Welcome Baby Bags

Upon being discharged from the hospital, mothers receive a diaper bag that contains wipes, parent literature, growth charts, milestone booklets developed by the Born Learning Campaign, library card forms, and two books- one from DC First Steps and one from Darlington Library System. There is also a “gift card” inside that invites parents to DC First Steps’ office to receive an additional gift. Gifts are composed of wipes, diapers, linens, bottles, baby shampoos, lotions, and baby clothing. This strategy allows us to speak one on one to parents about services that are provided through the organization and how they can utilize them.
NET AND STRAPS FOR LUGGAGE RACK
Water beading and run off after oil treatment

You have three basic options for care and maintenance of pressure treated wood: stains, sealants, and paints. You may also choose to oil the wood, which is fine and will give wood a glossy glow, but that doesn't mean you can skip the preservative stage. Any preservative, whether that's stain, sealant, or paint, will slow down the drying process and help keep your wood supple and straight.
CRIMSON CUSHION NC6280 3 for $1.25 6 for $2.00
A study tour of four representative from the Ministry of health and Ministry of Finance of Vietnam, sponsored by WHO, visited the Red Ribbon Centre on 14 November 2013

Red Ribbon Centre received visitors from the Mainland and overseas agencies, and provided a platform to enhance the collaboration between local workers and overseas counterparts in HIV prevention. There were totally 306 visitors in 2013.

◇ ◇ ◇ ◇

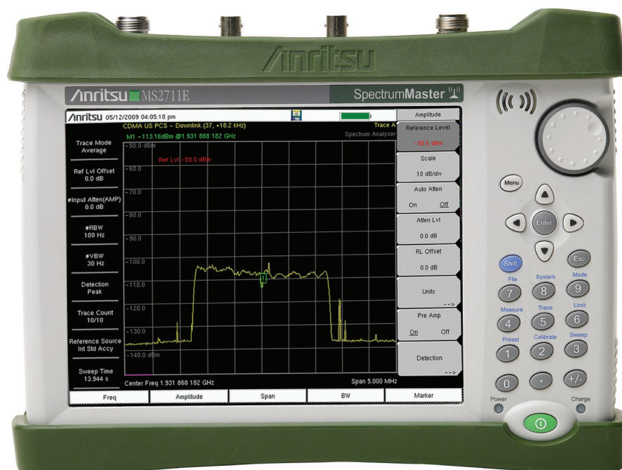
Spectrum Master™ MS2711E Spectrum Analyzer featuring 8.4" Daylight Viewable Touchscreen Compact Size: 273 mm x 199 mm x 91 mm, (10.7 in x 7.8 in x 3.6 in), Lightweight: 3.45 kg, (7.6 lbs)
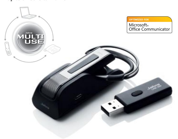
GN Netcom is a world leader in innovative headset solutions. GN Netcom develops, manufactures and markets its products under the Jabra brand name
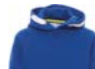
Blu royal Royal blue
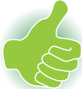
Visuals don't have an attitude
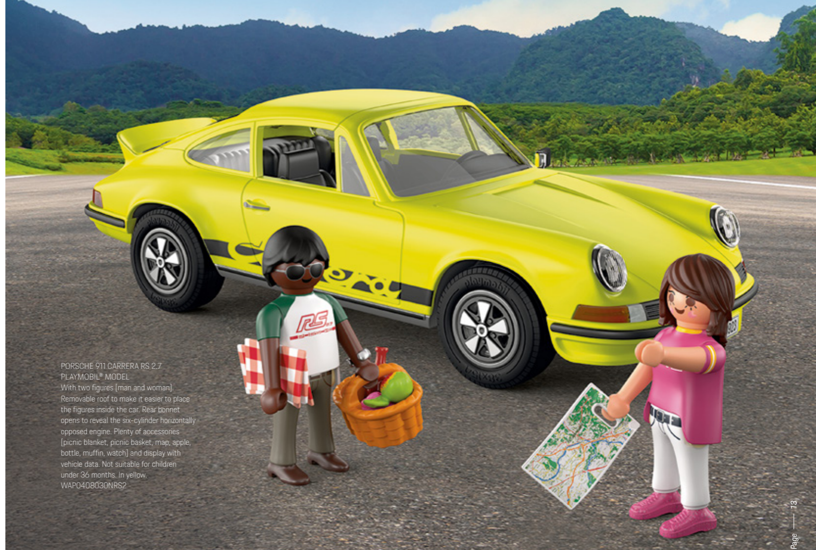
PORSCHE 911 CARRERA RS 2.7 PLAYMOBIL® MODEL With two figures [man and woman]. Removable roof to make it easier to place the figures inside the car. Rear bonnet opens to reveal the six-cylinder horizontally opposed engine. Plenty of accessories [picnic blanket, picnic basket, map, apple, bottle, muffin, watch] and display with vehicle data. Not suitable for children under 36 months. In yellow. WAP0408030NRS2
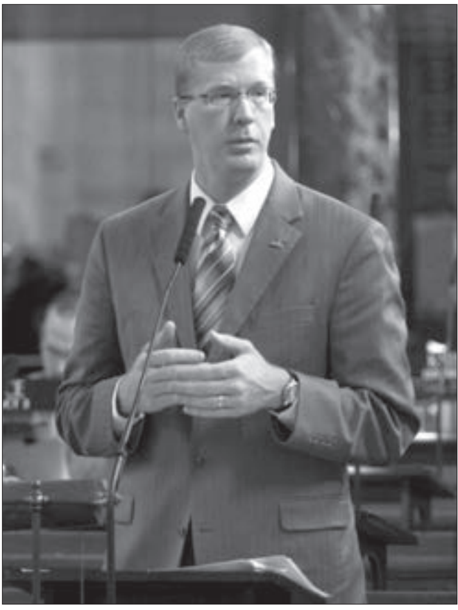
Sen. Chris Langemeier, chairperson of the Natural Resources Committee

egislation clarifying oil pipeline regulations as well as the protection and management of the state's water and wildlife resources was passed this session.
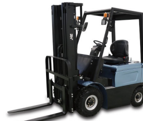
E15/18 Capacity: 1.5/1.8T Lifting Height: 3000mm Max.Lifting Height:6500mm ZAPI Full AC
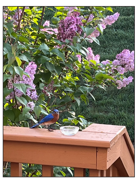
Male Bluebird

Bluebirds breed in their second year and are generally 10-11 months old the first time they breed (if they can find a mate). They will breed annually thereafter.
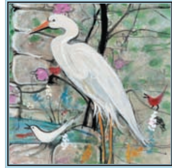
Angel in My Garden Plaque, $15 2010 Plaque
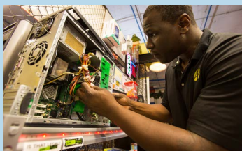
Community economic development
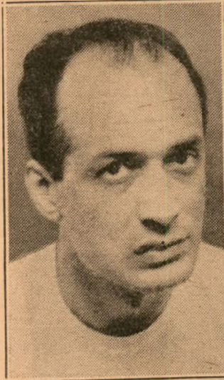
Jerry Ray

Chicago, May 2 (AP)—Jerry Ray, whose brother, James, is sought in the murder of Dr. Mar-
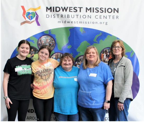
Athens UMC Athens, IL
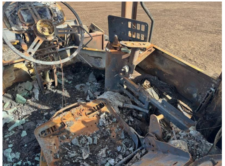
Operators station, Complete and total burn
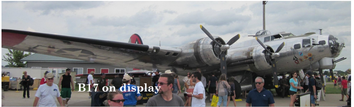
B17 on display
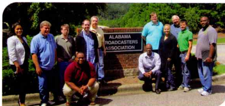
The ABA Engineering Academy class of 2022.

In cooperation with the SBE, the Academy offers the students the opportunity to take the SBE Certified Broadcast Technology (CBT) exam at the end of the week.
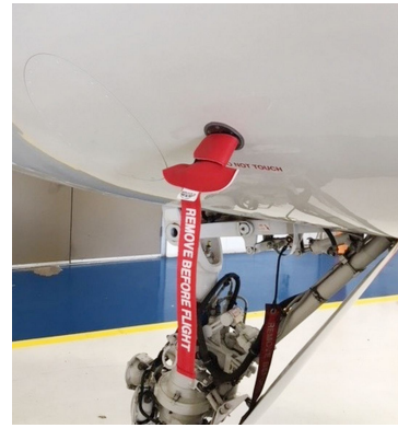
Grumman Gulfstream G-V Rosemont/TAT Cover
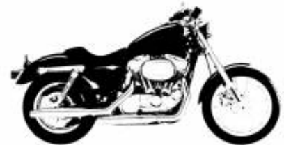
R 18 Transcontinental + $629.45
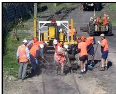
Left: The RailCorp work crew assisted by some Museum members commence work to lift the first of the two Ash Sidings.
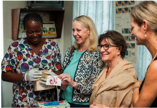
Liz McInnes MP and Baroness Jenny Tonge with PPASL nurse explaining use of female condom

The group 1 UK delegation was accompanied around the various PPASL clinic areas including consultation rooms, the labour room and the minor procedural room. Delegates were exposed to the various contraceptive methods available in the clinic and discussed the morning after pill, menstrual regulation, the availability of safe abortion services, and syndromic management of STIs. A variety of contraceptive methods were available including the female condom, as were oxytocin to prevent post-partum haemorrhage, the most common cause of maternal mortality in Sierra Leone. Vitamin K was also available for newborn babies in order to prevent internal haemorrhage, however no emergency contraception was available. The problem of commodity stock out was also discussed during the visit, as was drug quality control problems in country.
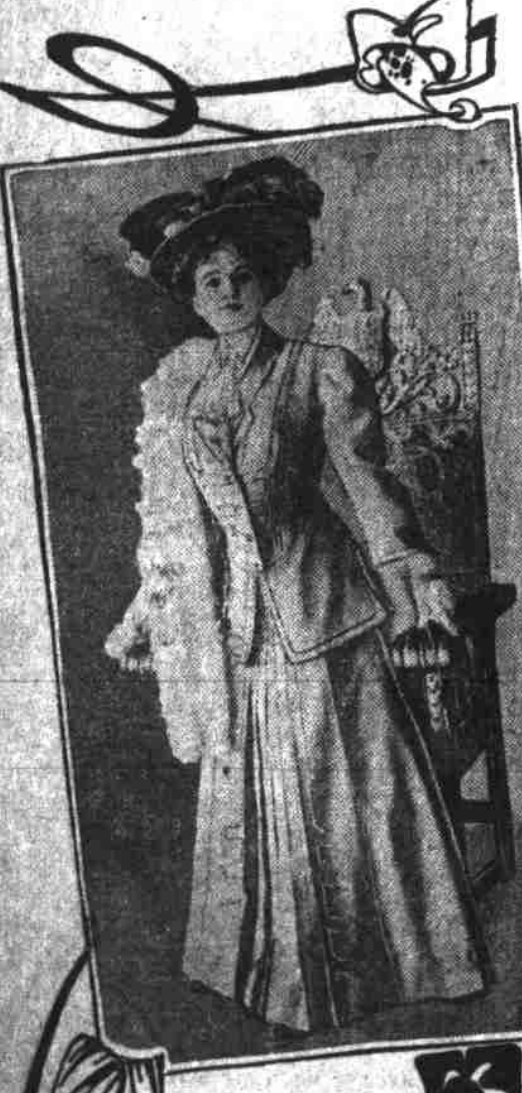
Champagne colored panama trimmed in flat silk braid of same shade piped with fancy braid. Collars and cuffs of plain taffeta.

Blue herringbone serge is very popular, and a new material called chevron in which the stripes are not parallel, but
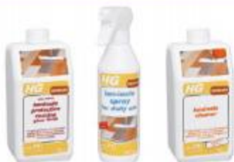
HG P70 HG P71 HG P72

◇ ◇ ◇ ◇

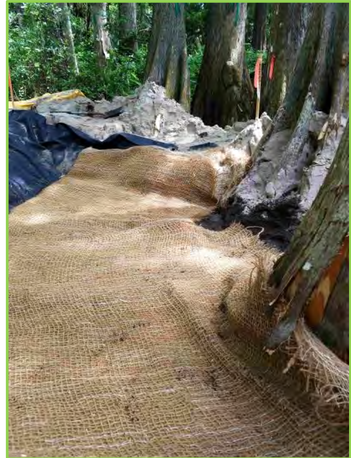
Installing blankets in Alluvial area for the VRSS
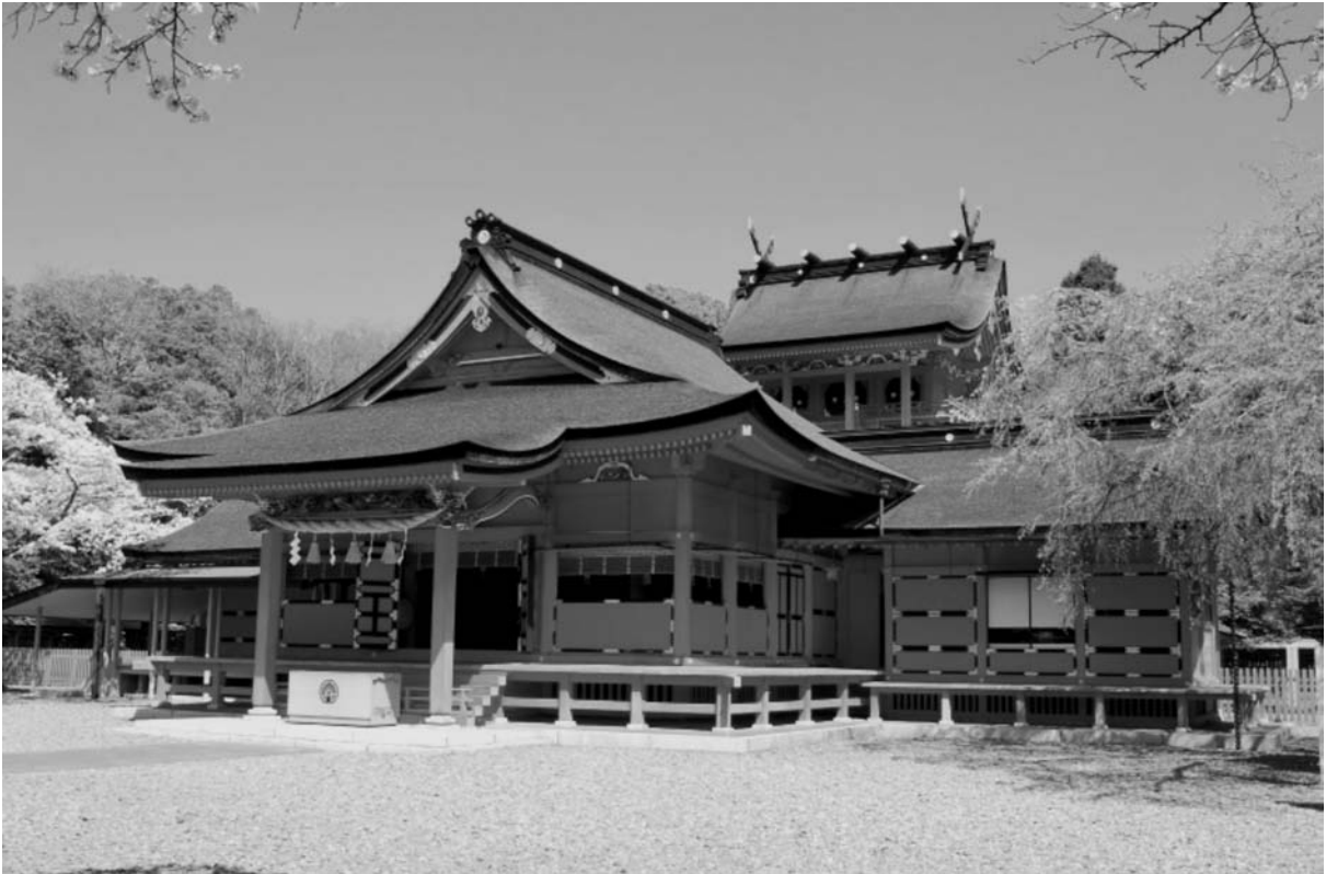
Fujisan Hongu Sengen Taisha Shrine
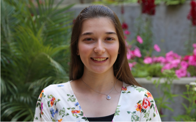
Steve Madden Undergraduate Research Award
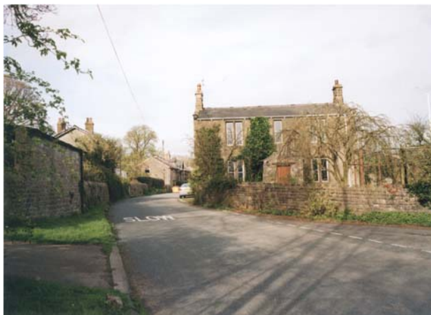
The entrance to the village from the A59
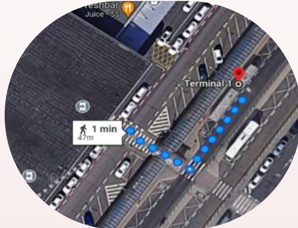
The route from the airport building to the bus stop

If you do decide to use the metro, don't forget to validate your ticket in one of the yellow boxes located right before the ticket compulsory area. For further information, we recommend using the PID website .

◇ ◇ ◇ ◇

### WORK TO BE COMPLETED
Using the data above, copy exactly the lines from the one containing "B17 on display" to the one containing "Liz McInnes MP", inclusive. Exclude the pictures.

### REPLY TO THE TASK
B17 on display
The ABA Engineering Academy class of 2022.

In cooperation with the SBE, the Academy offers the students the opportunity to take the SBE Certified Broadcast Technology (CBT) exam at the end of the week.
Grumman Gulfstream G-V Rosemont/TAT Cover
R 18 Transcontinental + $629.45
Left: The RailCorp work crew assisted by some Museum members commence work to lift the first of the two Ash Sidings.
Liz McInnes MP and Baroness Jenny Tonge with PPASL nurse explaining use of female condom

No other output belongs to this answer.